Limit

Q1. What is the difference among a left neighborhood and a remunerate neighborhood of a number? How does this concept become relevant in determining a barrier of a function? AnswerLeft neighborhood of a number a represents numbers lesser than the number a and is de noned by a- or a-d, where d is infinitesimally small. Similarly, right neighborhood of a number a represents numbers greater than the number a and is denoted by a+ or or a+d, where d is infinitesimally small.This concept is very signifi chamberpott in determining limit of a function.
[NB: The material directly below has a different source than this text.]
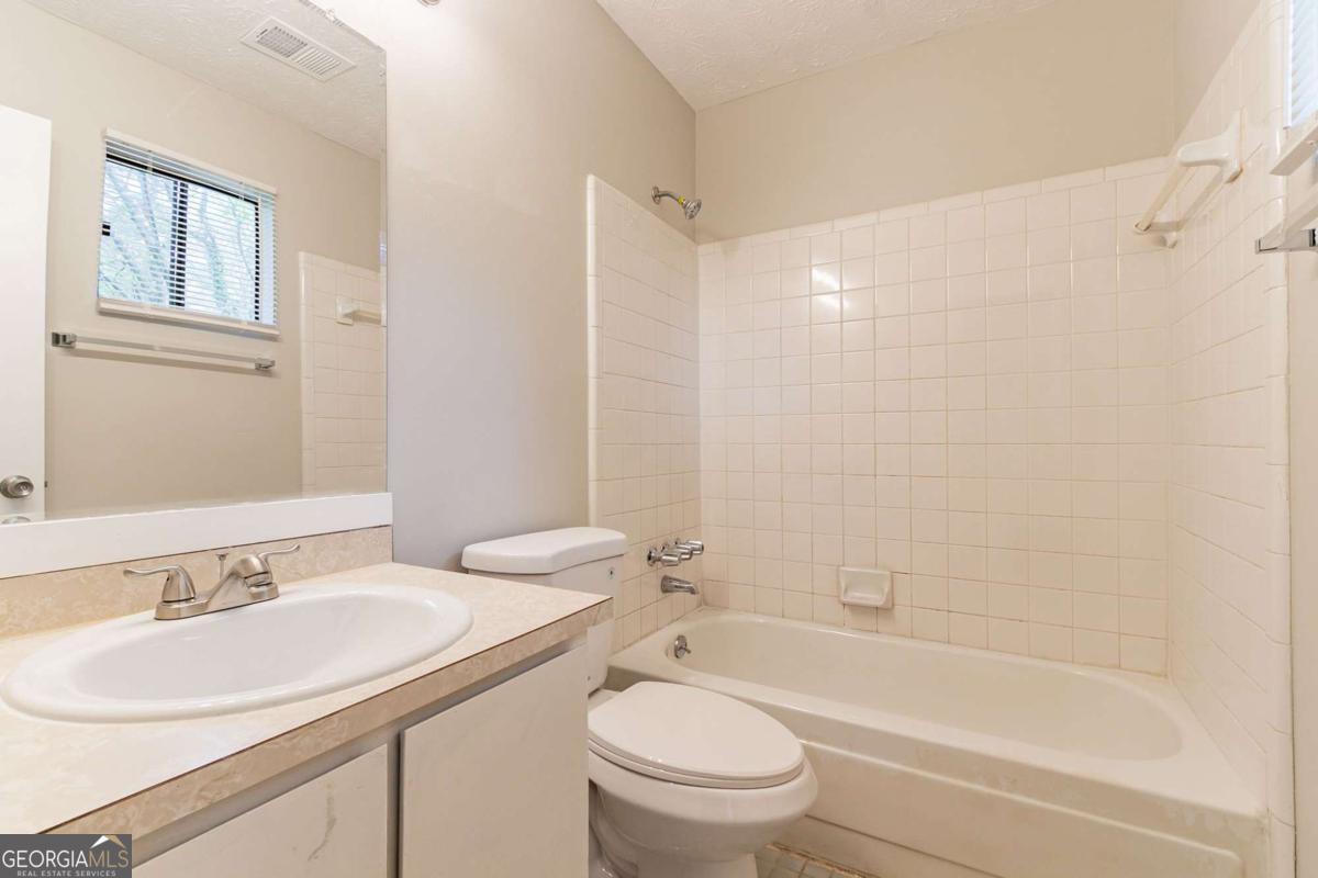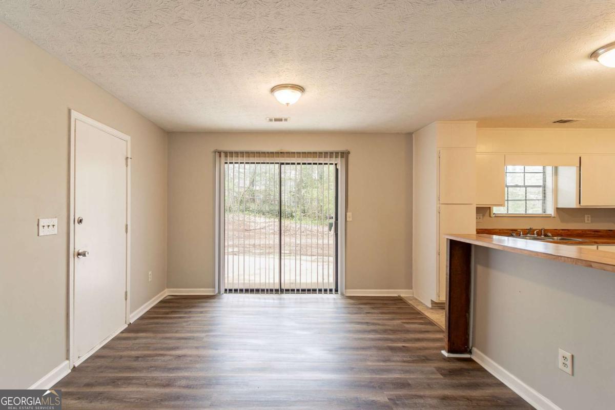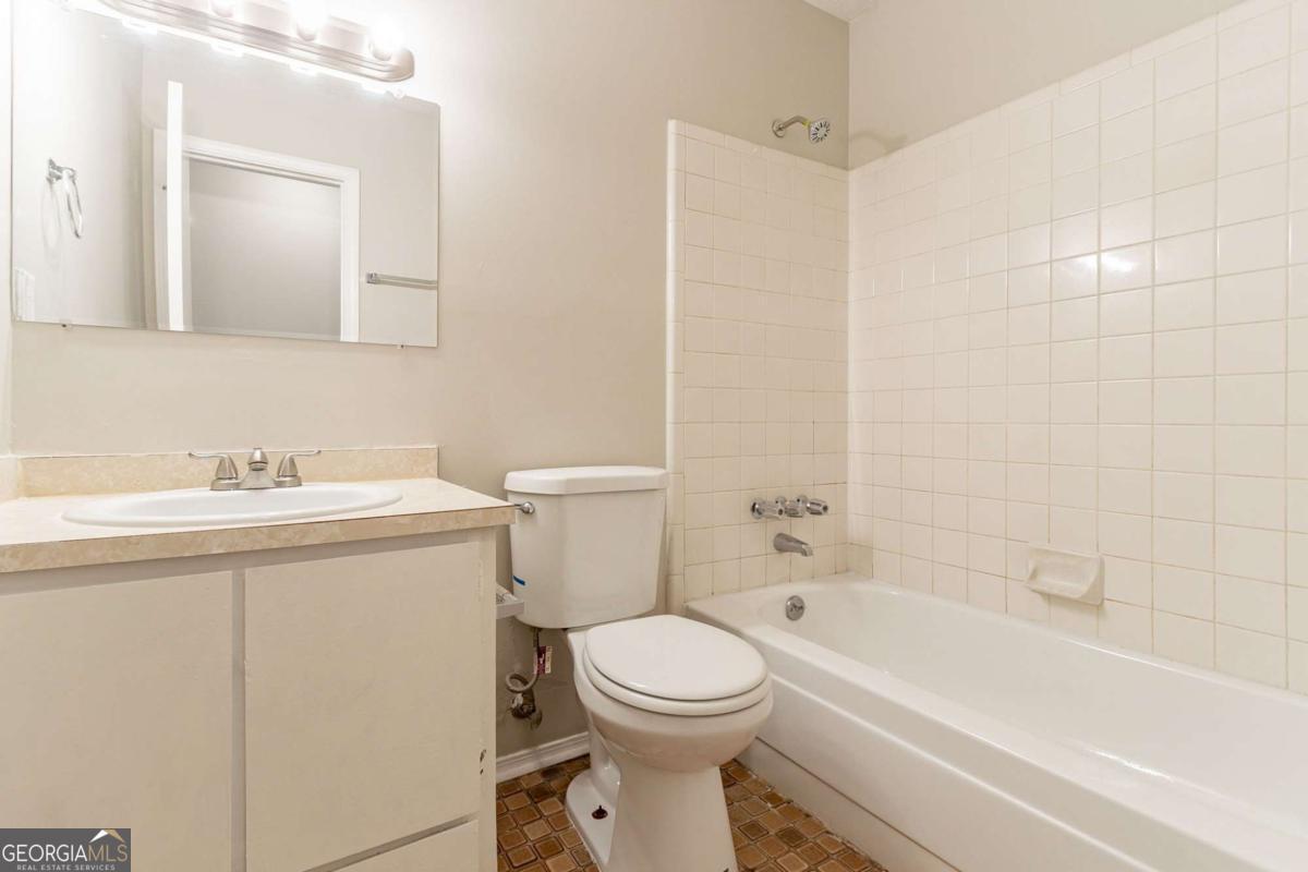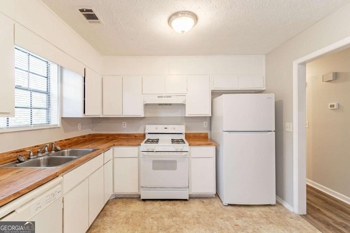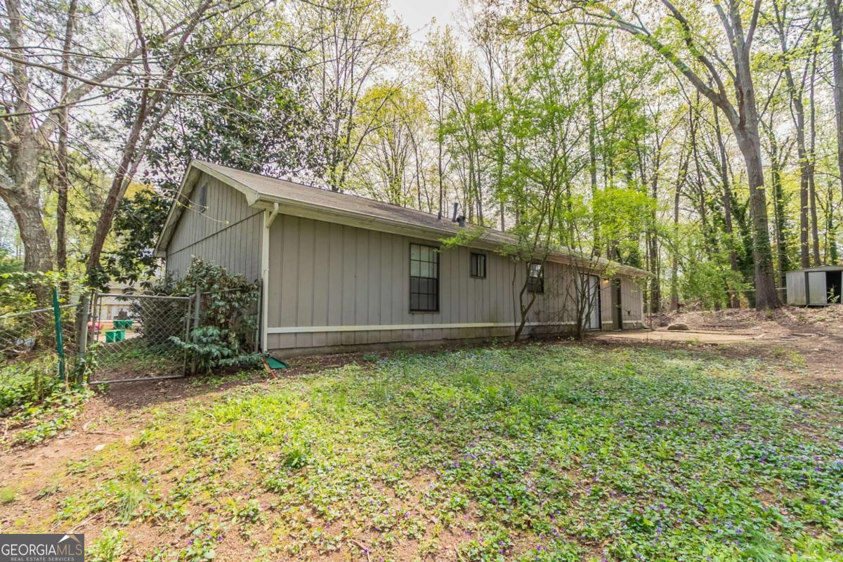 3-bedroom, 2-bathroom home in Lithonia cul-de-sac! This charming home features a long driveway leading to a 1-car garage and a fenced backyard with a covered concrete patioCoperfect for outdoor enjoyment. Step inside to a welcoming living room with a cozy fireplace, flowing into a kitchen with white cabinets, appliances, and a sliding glass door opening to the backyard. Kitchen is missing flooring. Down the hall, youCOll find two secondary bedrooms and a full bathroom with a single vanity and a shower/tub combo. The primary suite offers its own ensuite bathroom with a single vanity. Don't miss this well-maintained home ready for its next owner!

A function f(x) of x will have a limit at x = a if and only if f(a-d) = f(a+d) = f(a) where d is infinitesimally small. Q2. A limit of a function at a transfer of discontinuity does not exist. Why? Give an example.AnswerFor origination of limit of function f(x) of x at x = a the obligatory and sufficient condition is f(a-d) = f(a+d) = f(a) where d is infinitesimally small. At a prefigure of discontinuity, f(a-d) f(a+d).Therefore, limi t of a function does not exist at a point of discontinuity. The following example will make it clear.let us direct example of integer function. This function is defined in the following mannerf(x) = a where a is an integer less than or equal to x.Let us check if limit exists for this function at x = a, where a is an integer.Now left hand side limit = f(a-d) = a-1And right hand side limit = f(a+d) = aThus, f(a-d) f(a+d) and hence limit does not exists for this function. If this function is plotted, there is discontinuity at all integer points.Thus it can be seen that limit of a function does not exist at a point of discontinuity. 3. What is the difference between a derivative of a function and its slope? Give a detailed explanation.Answer derivative of a function is another function, which remains same throughout the dry land of the function at all the points. Slope of a function on the other hand is the protect of the derivative. This value may change from point to point depen ding on the nature of the function.Let us take an example. first derivative of Sin(x) is Cos(x) for all values of x. If one looks at the slope of Sin(x), its value keeps changing in -1, +1 range from point to point. Slope of Sin(x) is -1 for x = laughable integral multiples of p +1 for x = even multiples of p and 0 for x = odd multiples of p/2. Thus, it can be seen that while derivative of a function remains the same while its slope could be changing from point to point.